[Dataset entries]
+++
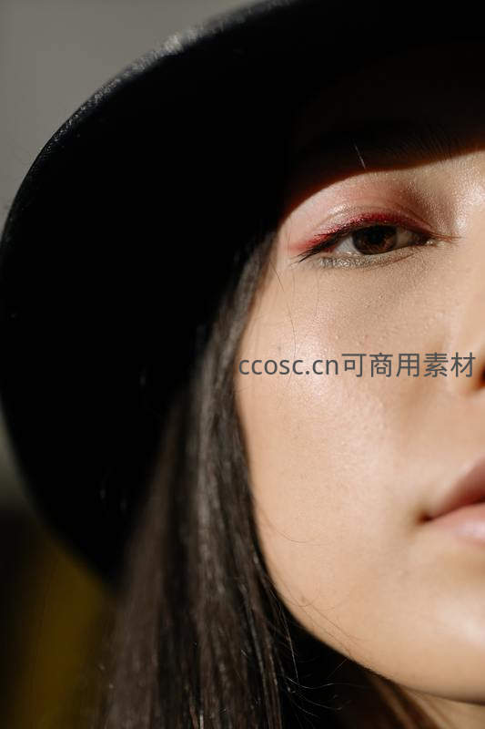 光影下的精致眼妆与黑色礼帽特写
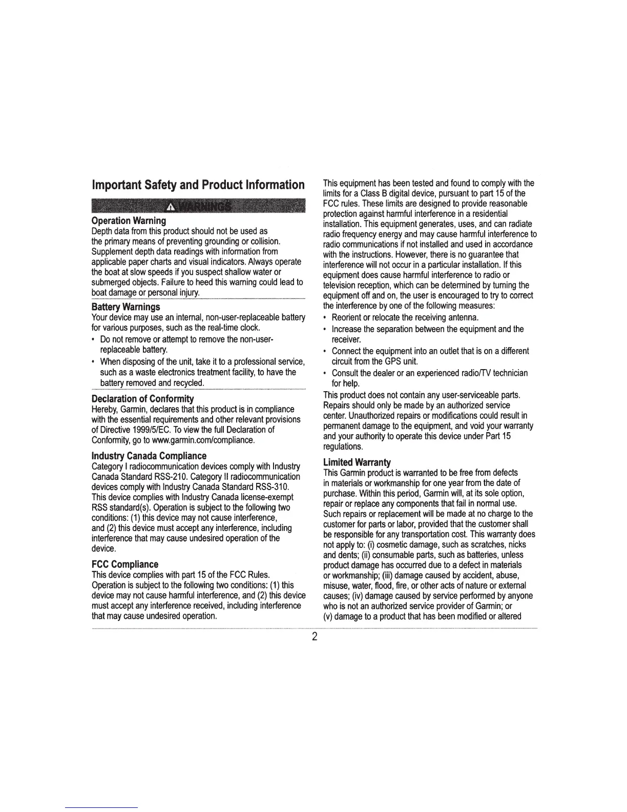 Garmin Echo 150 - Important Safety and Product Information; Operation and Battery Warnings
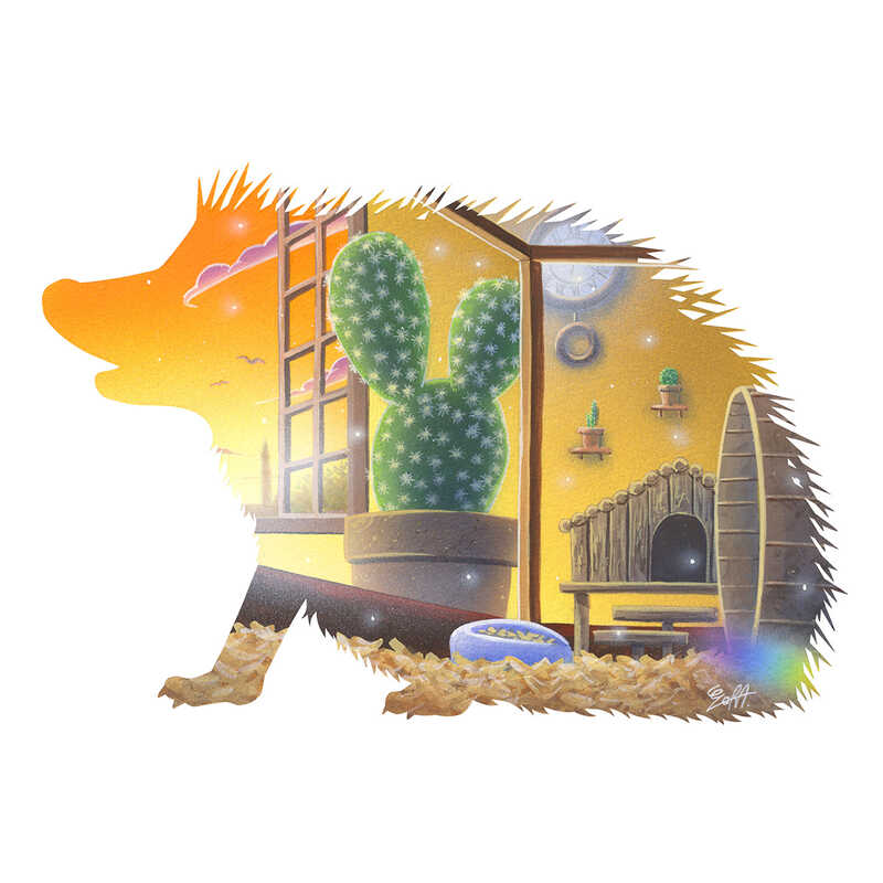 四季をテーマにした作品を得意とし2022年から動物や植物のシルエットにそのモチーフの目線から見た風景を閉じ込めるシルエットシリーズを制作中
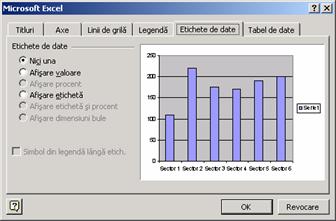 - Caseta de control Simbol din legenda lânga etich. (selectata) pozitioneaza simbolurile din legenda, cu formatul si culoarea asociate, lânga etichetele de date din diagrama.
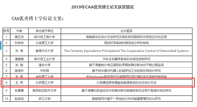 陈杰教授指导的博士生王钢的博士学位论文《大规模信息物理融合能源系统的状态估计方法》获得CAA2019年优秀博士学位论文奖。
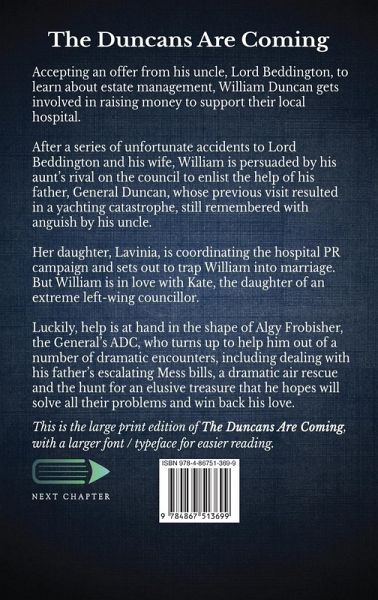 Accepting an offer from his uncle, Lord Beddington, to learn about estate management, William Duncan gets involved in raising money to support their local hospital. After a series of unfortunate accidents to Lord Beddington and his wife, William is persuaded by his aunt's rival on the council to enlist the help of his father, General Duncan, whose previous visit resulted in a yachting catastrophe, still remembered with anguish by his uncle. Her daughter, Lavinia, is coordinating the hospital PR campaign and sets out to trap William into marriage. But William is in love with Kate, the daughter of an extreme left-wing councillor. Luckily, help is at hand in the shape of Algy Frobisher, the General's ADC, who turns up to help him out of a number of dramatic encounters, including dealing with his father's escalating Mess bills, a dramatic air rescue and the hunt for an elusive treasure that he hopes will solve all their problems and win back his love. This is the large print edition of The Duncans Are Coming, with a larger font / typeface for easier reading.¿
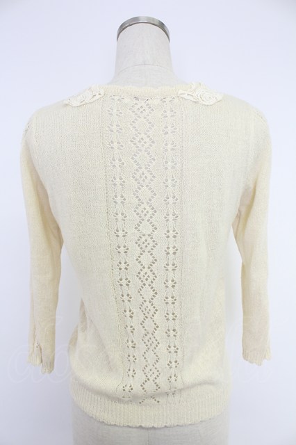 axes femme / モチーフレース襟透かし編みカーデ M キナリ T-25-12-03-007-AX-TO-SA-ZT
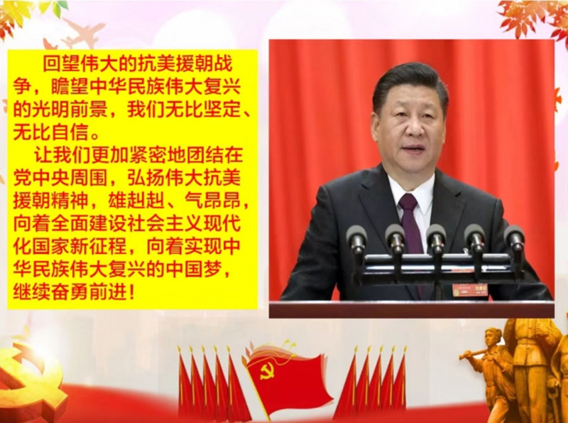 为深入贯彻落实习近平总书记在纪念中国人民志愿军抗美援朝出国作战70周年大会上的重要讲话精神,深入开展“四史”学习教育,大力弘扬伟大的抗美援朝精神,教育引导我校师生厚植爱国主义情怀,南方爱迪精心组织全体教职工观看大型纪录片《为了和平》系列学习活动,领会精神,学习提升,加强新时代爱国主义教育,营造了矢志奋斗奉献的良好氛围。
+++
* _WHAT THIS TASK INVOLVES_:
Reproduce exactly the lines above that run from the one with "陈杰教授指导的博士生王钢的博" to the one with "axes femme /", both included, leaving pictures out.

* _TASK RESULT_:
 陈杰教授指导的博士生王钢的博士学位论文《大规模信息物理融合能源系统的状态估计方法》获得CAA2019年优秀博士学位论文奖。
 Accepting an offer from his uncle, Lord Beddington, to learn about estate management, William Duncan gets involved in raising money to support their local hospital. After a series of unfortunate accidents to Lord Beddington and his wife, William is persuaded by his aunt's rival on the council to enlist the help of his father, General Duncan, whose previous visit resulted in a yachting catastrophe, still remembered with anguish by his uncle. Her daughter, Lavinia, is coordinating the hospital PR campaign and sets out to trap William into marriage. But William is in love with Kate, the daughter of an extreme left-wing councillor. Luckily, help is at hand in the shape of Algy Frobisher, the General's ADC, who turns up to help him out of a number of dramatic encounters, including dealing with his father's escalating Mess bills, a dramatic air rescue and the hunt for an elusive treasure that he hopes will solve all their problems and win back his love. This is the large print edition of The Duncans Are Coming, with a larger font / typeface for easier reading.¿
 axes femme / モチーフレース襟透かし編みカーデ M キナリ T-25-12-03-007-AX-TO-SA-ZT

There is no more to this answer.